From: Yonghong Song <yonghong.song@linux.dev>
To: Andrii Nakryiko <andrii.nakryiko@gmail.com>
Cc: bpf@vger.kernel.org, Alexei Starovoitov <ast@kernel.org>,
Andrii Nakryiko <andrii@kernel.org>,
Daniel Borkmann <daniel@iogearbox.net>,
kernel-team@fb.com, Martin KaFai Lau <martin.lau@kernel.org>
Subject: Re: [PATCH bpf-next v5 2/5] bpf: Implement mprog API on top of existing cgroup progs
Date: Mon, 9 Jun 2025 18:20:00 -0700 [thread overview]
Message-ID: <5ed5f8ad-4493-4dba-aa24-ad314d527c2e@linux.dev> (raw)

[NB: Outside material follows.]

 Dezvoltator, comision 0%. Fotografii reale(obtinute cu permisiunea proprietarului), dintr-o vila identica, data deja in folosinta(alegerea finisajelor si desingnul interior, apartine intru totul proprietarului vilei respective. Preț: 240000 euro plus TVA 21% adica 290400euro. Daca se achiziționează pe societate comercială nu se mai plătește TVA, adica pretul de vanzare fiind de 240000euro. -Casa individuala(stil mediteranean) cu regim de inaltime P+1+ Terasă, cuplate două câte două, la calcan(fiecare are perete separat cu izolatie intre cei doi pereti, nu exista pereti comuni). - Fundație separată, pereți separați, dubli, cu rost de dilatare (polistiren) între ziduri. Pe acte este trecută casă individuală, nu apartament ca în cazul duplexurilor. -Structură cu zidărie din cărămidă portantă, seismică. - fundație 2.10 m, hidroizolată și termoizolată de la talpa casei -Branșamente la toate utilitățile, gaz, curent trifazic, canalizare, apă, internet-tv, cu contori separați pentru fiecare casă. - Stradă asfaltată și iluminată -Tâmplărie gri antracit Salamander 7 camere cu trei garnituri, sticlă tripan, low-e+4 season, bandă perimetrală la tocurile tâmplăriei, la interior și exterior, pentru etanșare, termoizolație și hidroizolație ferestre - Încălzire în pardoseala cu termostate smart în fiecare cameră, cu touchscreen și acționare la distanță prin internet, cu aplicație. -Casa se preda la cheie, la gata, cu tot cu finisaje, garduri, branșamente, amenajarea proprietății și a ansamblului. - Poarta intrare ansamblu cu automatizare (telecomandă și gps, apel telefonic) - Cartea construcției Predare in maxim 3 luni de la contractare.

In-Reply-To: <CAEf4BzZjbJBpHE0eguipWgh8KWHG4Jh1jOORjMwsr7pVZ=qa6A@mail.gmail.com>
On 6/9/25 4:35 PM, Andrii Nakryiko wrote:
> On Fri, Jun 6, 2025 at 9:31 AM Yonghong Song <yonghong.song@linux.dev> wrote:
>> Current cgroup prog ordering is appending at attachment time. This is not
>> ideal. In some cases, users want specific ordering at a particular cgroup
>> level. To address this, the existing mprog API seems an ideal solution with
>> supporting BPF_F_BEFORE and BPF_F_AFTER flags.
>>
>> But there are a few obstacles to directly use kernel mprog interface.

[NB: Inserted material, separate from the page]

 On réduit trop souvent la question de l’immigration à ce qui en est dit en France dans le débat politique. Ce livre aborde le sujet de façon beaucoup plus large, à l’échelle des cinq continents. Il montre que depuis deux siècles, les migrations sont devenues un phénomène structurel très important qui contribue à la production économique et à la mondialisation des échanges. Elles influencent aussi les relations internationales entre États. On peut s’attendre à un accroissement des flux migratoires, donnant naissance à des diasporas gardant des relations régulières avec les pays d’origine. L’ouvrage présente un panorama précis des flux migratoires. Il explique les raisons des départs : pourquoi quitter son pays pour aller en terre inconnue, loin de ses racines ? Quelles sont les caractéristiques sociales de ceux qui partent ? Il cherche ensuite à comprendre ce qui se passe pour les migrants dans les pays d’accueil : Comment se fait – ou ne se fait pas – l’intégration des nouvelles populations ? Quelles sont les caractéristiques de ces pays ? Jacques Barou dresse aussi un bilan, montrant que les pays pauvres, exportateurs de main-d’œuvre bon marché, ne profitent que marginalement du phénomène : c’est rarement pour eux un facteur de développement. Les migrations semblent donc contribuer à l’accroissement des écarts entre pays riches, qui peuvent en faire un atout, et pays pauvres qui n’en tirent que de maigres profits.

>> Currently cgroup bpf progs already support prog attach/detach/replace
>> and link-based attach/detach/replace. For example, in struct
>> bpf_prog_array_item, the cgroup_storage field needs to be together
>> with bpf prog. But the mprog API struct bpf_mprog_fp only has bpf_prog
>> as the member, which makes it difficult to use kernel mprog interface.
>>
>> In another case, the current cgroup prog detach tries to use the
>> same flag as in attach. This is different from mprog kernel interface
>> which uses flags passed from user space.
>>
>> So to avoid modifying existing behavior, I made the following changes to
>> support mprog API for cgroup progs:
>> - The support is for prog list at cgroup level. Cross-level prog list
>> (a.k.a. effective prog list) is not supported.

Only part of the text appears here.